Rome – A top Italian cardinal said Monday that common- law status might be applied to offer some legal protection to unmarried heterosexual couples – offering a rare exception to the Catholic Church’s condemnation of de facto unions.
Cardinal Camillo Ruini gave no indication the recognition would be extended to same-sex couples and said any protection should stop short of envisioning “something similar to a marriage.”
The comments by Ruini, president of the Italian Bishops’ Conference and the pope’s vicar for Rome, came amid a renewed debate over whether Italy should grant unmarried couples some form of legal recognition.
“For those unions that have the desire or the need to give legal protection to their mutual relations there exists first of all the route of common law, (which is) very wide and can be adapted to various situations,” Ruini said before Italian bishops.
However, any such protections should not “envisage something similar to marriage but rather remain in the domain of people’s rights and duties,” the cardinal said.

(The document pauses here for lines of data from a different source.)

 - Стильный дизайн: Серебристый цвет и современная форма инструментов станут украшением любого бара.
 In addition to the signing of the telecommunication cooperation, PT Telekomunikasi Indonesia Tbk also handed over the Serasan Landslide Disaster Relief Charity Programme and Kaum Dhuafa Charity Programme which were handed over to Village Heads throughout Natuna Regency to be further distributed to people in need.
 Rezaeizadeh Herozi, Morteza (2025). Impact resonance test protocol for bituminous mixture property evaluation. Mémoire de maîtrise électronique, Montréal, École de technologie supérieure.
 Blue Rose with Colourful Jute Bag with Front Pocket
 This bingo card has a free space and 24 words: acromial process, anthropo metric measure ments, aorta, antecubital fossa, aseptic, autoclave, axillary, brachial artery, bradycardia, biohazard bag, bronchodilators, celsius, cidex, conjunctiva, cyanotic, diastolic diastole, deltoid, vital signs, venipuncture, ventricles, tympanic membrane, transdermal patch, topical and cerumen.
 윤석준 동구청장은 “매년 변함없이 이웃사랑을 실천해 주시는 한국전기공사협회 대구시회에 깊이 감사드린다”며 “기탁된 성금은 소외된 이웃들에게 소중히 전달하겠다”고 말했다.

Ruini’s remarks represented a rare exception in a debate where the church position in Italy has been rock solid. Luigi Accattoli, the Vatican correspondent of Corriere della Sera, Italy’s top newspaper, called the remarks a “small opening on unions, not on gays.”

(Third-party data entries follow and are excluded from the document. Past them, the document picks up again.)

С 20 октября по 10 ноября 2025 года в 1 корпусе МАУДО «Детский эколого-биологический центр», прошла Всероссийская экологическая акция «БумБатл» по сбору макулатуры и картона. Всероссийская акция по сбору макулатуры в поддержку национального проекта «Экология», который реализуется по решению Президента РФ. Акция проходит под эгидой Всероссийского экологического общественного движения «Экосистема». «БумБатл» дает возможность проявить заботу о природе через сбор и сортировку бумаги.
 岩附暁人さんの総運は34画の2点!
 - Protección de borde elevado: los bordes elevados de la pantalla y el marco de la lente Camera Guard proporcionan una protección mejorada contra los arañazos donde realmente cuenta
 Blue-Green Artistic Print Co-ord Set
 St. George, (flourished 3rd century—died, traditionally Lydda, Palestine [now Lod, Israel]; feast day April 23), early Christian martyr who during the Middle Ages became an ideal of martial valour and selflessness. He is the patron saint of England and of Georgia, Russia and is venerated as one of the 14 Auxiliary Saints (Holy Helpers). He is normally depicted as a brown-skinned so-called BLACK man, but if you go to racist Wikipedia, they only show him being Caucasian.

However, Monsignor Ronny Jenkins, who teaches canon law at the Catholic University of America in Washington, D.C., said Ruini’s approach “wouldn’t be shockingly new.” Church law already recognizes the “civil effects” of nonmarital unions in providing child care and other social benefits but distinguishes between those and “the religious character and validity” of sacramental marriage in church, Jenkins said.
Papal biographer Marco Politi said “the Italian episcopal hierarchy has clearly decided to act like a political player, bypassing the role of Catholic deputies in parliament.”
Ruini “has indicated what, in the church’s opinion, is the only way: that is to say, direct agreements between two people, recognized by common law, in some cases even protection through special norms, but without accepting any model for unions than that of marriage,” Politi added.